Some of these variations reflect, at least in part, the different hospital levels (as described in Table 1), with lower level hospitals less likely to provide intrapartum care for twin pregnancies, breech pregnancies, and previous shoulder dystocia (due to restrictions on their service capability). However, in relation to both breech pregnancies, and previous shoulder dystocia this variation is not entirely consistent with varying hospital level: for example, only 25% of clinicians at a level 6 hospital (hospital B) agreed that women with an uncomplicated breech are supported to have a vaginal birth.

In relation to the timing of IOL, as shown in Table 3, there are a multitude of conditions where some clinicians believe it is advised to routinely induce before 39 weeks. An average of 6% (with a range from 0 to 18%) of respondents agreed that in their unit women are induced without a medical reason from 38 weeks. There was also considerable inter-hospital variation in relation to the timing of IOL for several indications, particularly diabetes, preeclampsia, maternal age of 40 and over, and elevated BMI (> 40 kg/m2) (note supplementary file 2 for figures of the data included in Table 3). Regarding diabetes, greatest variation was seen regarding insulin controlled gestational diabetes, with units split on IOL at 38+ versus 39+ weeks, and pre-existing diabetes (both Type I and Type II), with units split across IOL at 37+, 38+ and 39+ weeks. Regarding preeclampsia, there was also lack of consensus on when this was an indication for IOL, with on average 29, 29, 26 and 11% stating their unit offered IOL at 37+, 38+, 39+ and not until 40+ weeks respectively. For maternal age of 40+ and BMI of 40+, the main variation was between offering IOL at 39+ versus 40+ weeks (range 23–63% and 18–62% respectively for maternal age, and 13–38% and 19–59% respectively for BMI of 40+), however there was also variation for high BMI in particular as to whether this was a routine IOL indication (“not an indication” average 15%, range 3–44%). Variation in timing of twin IOL was also seen, in line with overall variation in twin planned birth practices noted in Table 2.

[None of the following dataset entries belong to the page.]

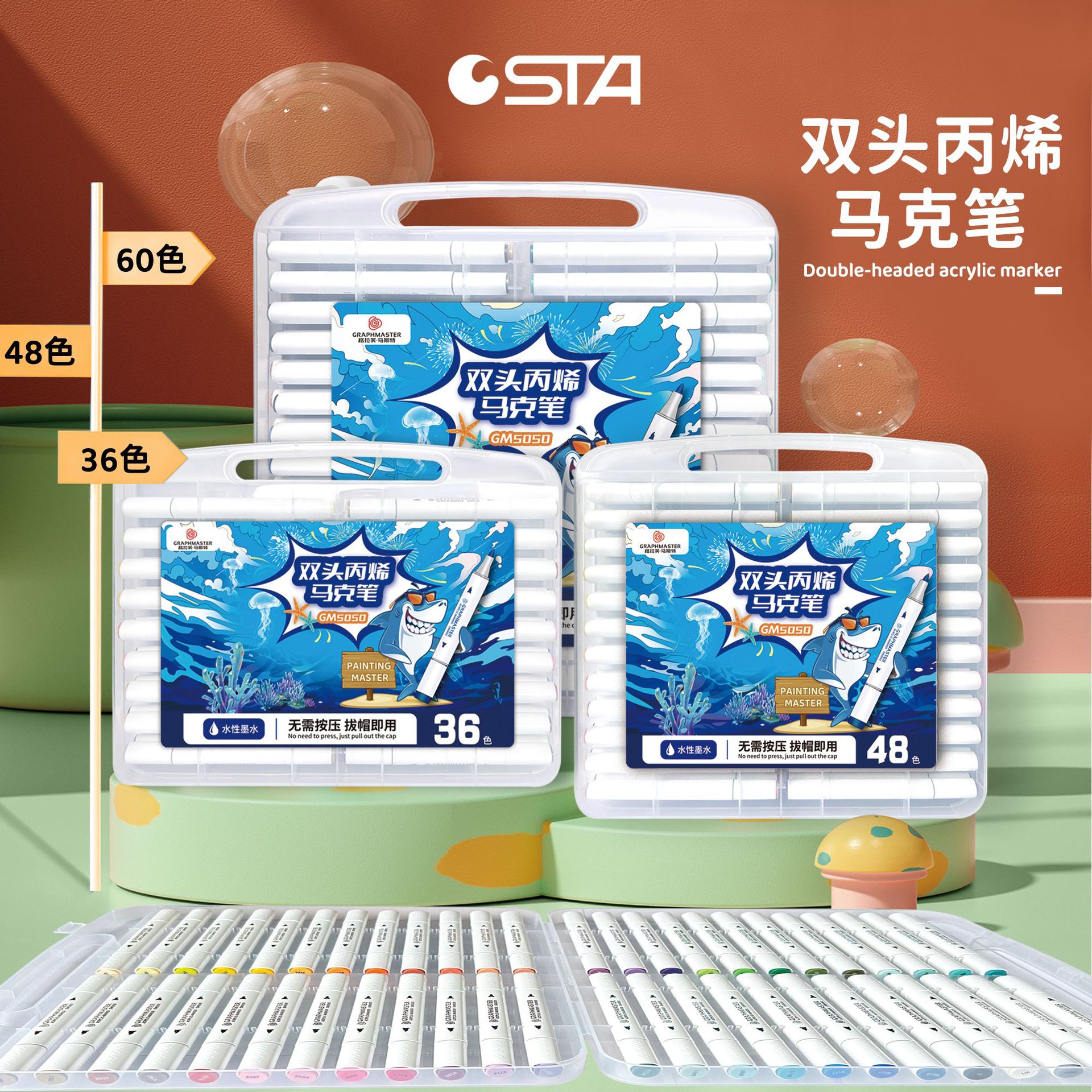 丙烯软头马克笔批发小红书d音儿童美术涂鸦笔绘画颜料彩笔易水洗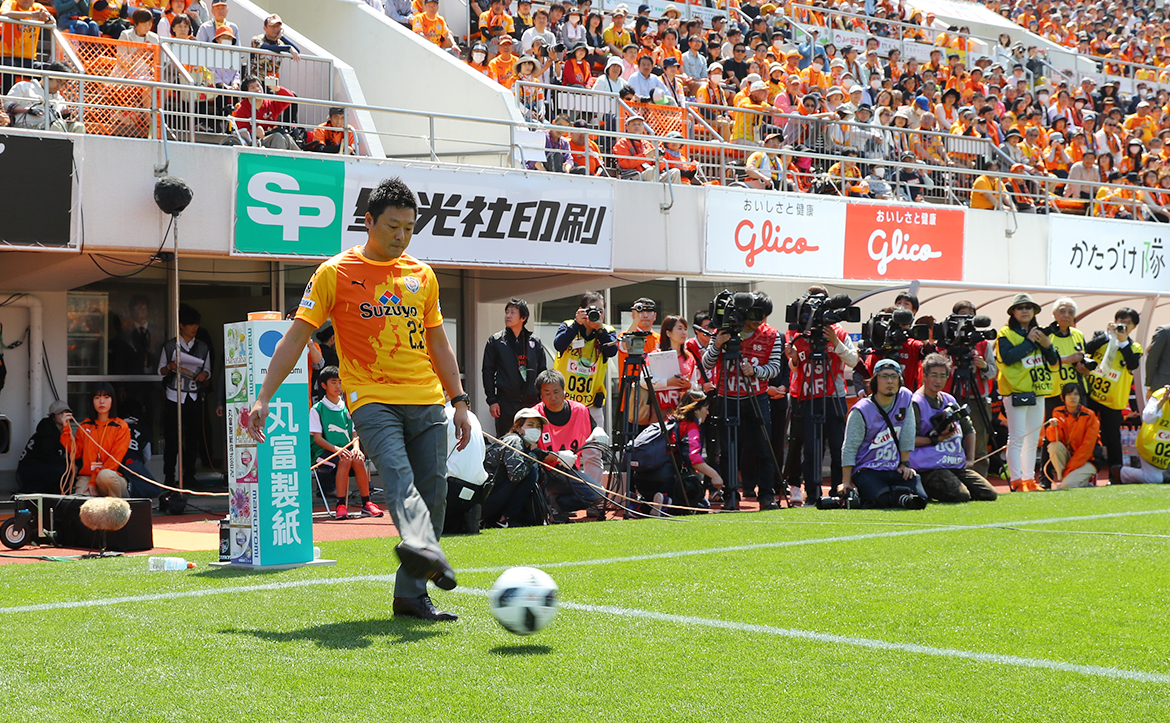 アイ・テック大畑大輔社長によるキックイン ©︎︎︎S-PULSE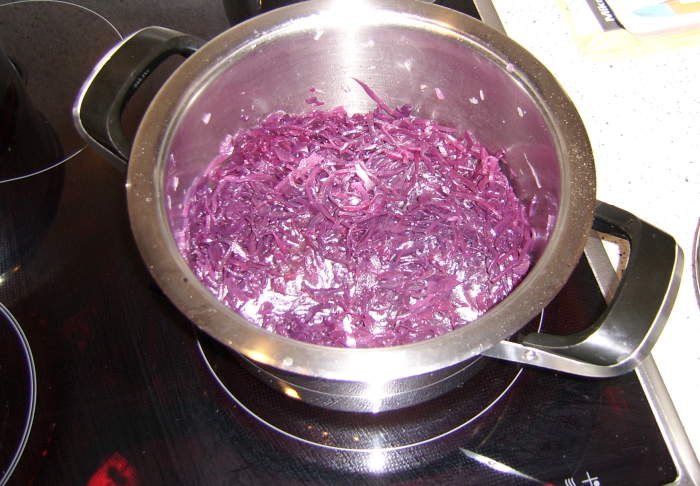 Hier das Blaukraut oder auch Rotkraut genannt. In Bayern heissts Blaukraut  ;)Wird ganz einfach gehobelt, ein Apfel dazu und Salz und Pfeffer und ein kleiner Schuss Zitronensaft für die Säure.

Table 3 Survey respondents’ perceptions of practices in relation to the timing of IOL – average and range (min-max) of responses between units

The other substantive variation in the use and timing of IOL relates to prelabour rupture of membranes (PROM), both term and preterm (Table 4). Even for term (37+ weeks) PROM, an average of 14% (range 6–26%) and 16% (range 6–25%) of respondents stated that women with Group B Strep (GBS)-positive and GBS-negative term PROM respectively were not offered IOL for this indication in their unit. Although most women with GBS-positive term PROM were offered IOL as soon as possible, within 12 h, or within 24 h (average 44, 15 and 14% respectively), only 35% of women who were GBS-negative were offered IOL after term PROM within 24 h.

Table 4 Practices in relation to the timing of IOL for prelabour rupture of membranes (PROM) women with no other complications or signs of chorioamnionitis: Average and range (min-max) between units

Planned birth practices: inter-disciplinary variation

Comparison between responses from midwives and medical staff identified significant variation in relation to perceptions around women’s involvement in decision-making for all four items. Midwives were consistently less likely to agree or strongly agree that women are engaged in decision-making about their own care (See Table 2). For example, only 68% of midwives agreed or strongly agreed that “Women are informed about the benefits and risks of interventions such as IOL and CS” versus 93% of medical staff.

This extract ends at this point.